→ Data to examine:

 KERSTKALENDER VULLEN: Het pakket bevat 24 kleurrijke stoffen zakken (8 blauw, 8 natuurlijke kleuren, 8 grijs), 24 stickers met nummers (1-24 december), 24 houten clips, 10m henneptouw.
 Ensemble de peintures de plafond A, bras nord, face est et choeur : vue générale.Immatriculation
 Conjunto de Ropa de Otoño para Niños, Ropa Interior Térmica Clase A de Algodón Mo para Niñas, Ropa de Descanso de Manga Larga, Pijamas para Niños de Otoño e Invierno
---
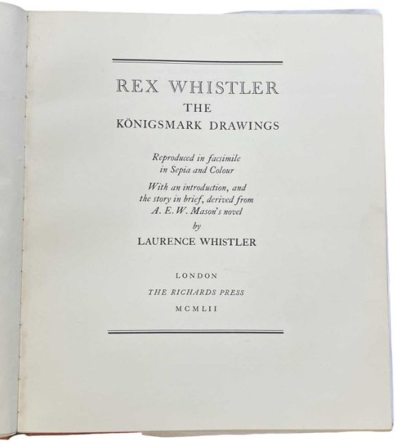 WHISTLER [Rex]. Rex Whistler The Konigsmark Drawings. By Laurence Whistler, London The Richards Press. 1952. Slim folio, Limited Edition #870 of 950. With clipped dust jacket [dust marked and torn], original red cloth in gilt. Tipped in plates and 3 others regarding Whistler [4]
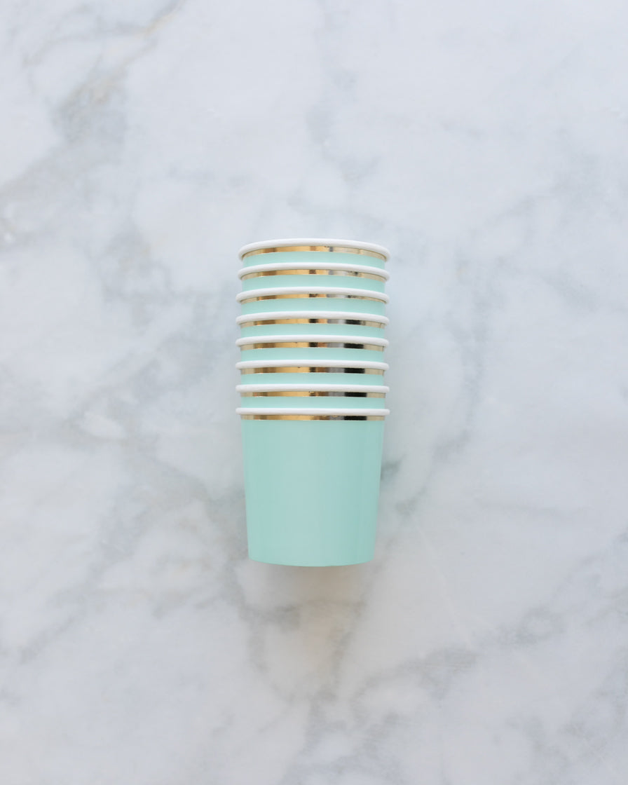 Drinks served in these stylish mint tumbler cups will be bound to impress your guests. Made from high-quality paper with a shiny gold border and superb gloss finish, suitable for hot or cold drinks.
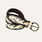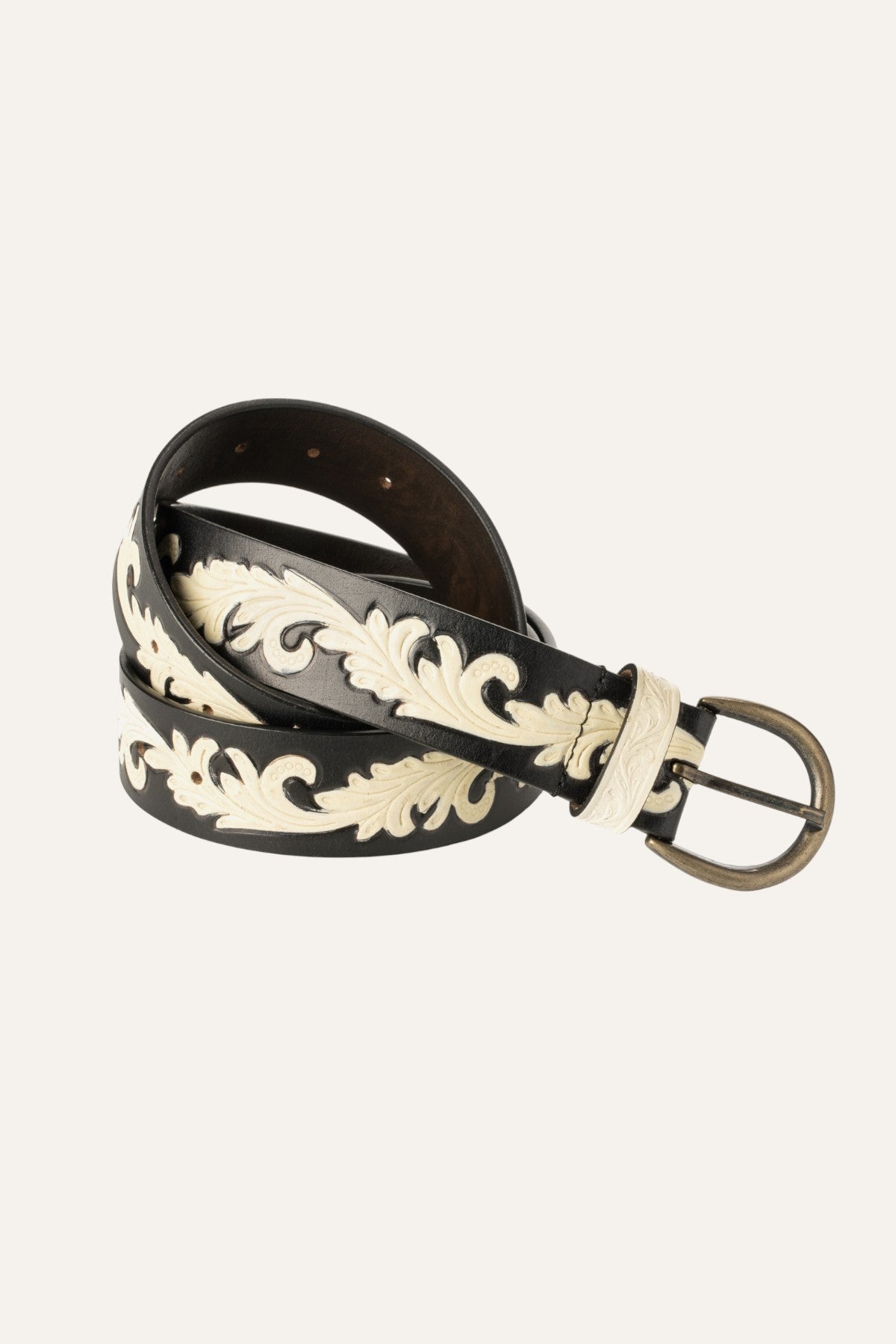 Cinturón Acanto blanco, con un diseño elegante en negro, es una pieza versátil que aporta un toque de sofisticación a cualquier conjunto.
--
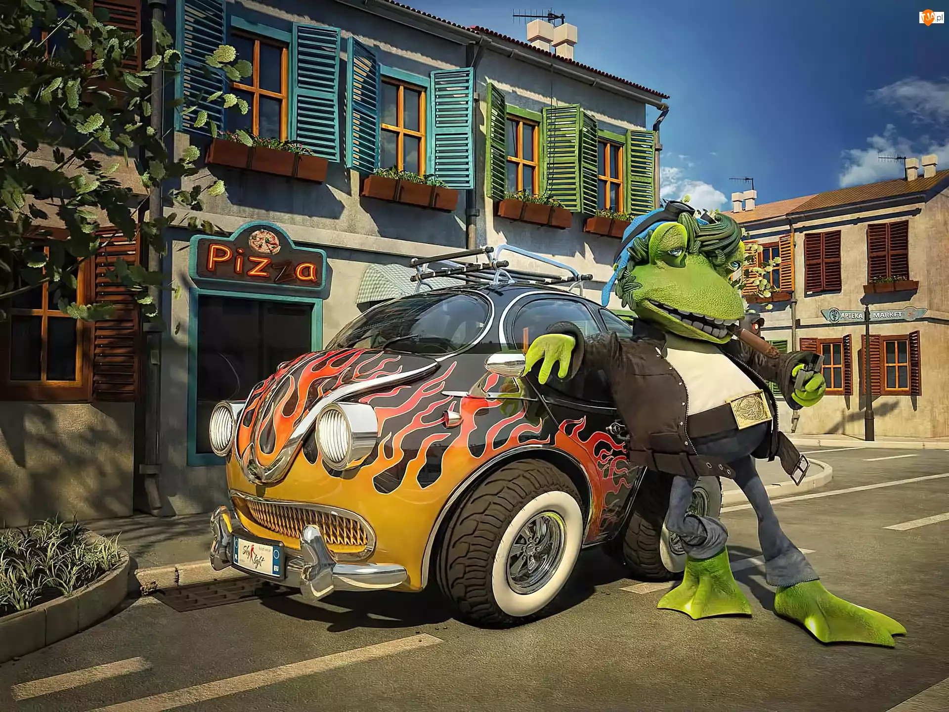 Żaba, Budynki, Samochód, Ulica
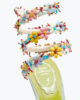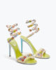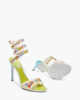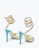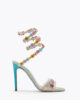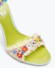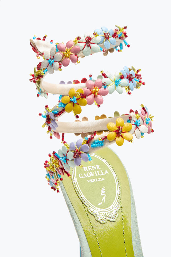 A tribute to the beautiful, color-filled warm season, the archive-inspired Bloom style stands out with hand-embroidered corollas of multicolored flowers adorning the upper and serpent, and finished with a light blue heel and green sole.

→ Work item:
Working from the material above, restate word for word the lines between the line with "KERSTKALENDER VULLEN: Het" and the line with "Conjunto de Ropa", both included, and only those.

→ Result of the exercise:
 KERSTKALENDER VULLEN: Het pakket bevat 24 kleurrijke stoffen zakken (8 blauw, 8 natuurlijke kleuren, 8 grijs), 24 stickers met nummers (1-24 december), 24 houten clips, 10m henneptouw.
 Ensemble de peintures de plafond A, bras nord, face est et choeur : vue générale.Immatriculation
 Conjunto de Ropa de Otoño para Niños, Ropa Interior Térmica Clase A de Algodón Mo para Niñas, Ropa de Descanso de Manga Larga, Pijamas para Niños de Otoño e Invierno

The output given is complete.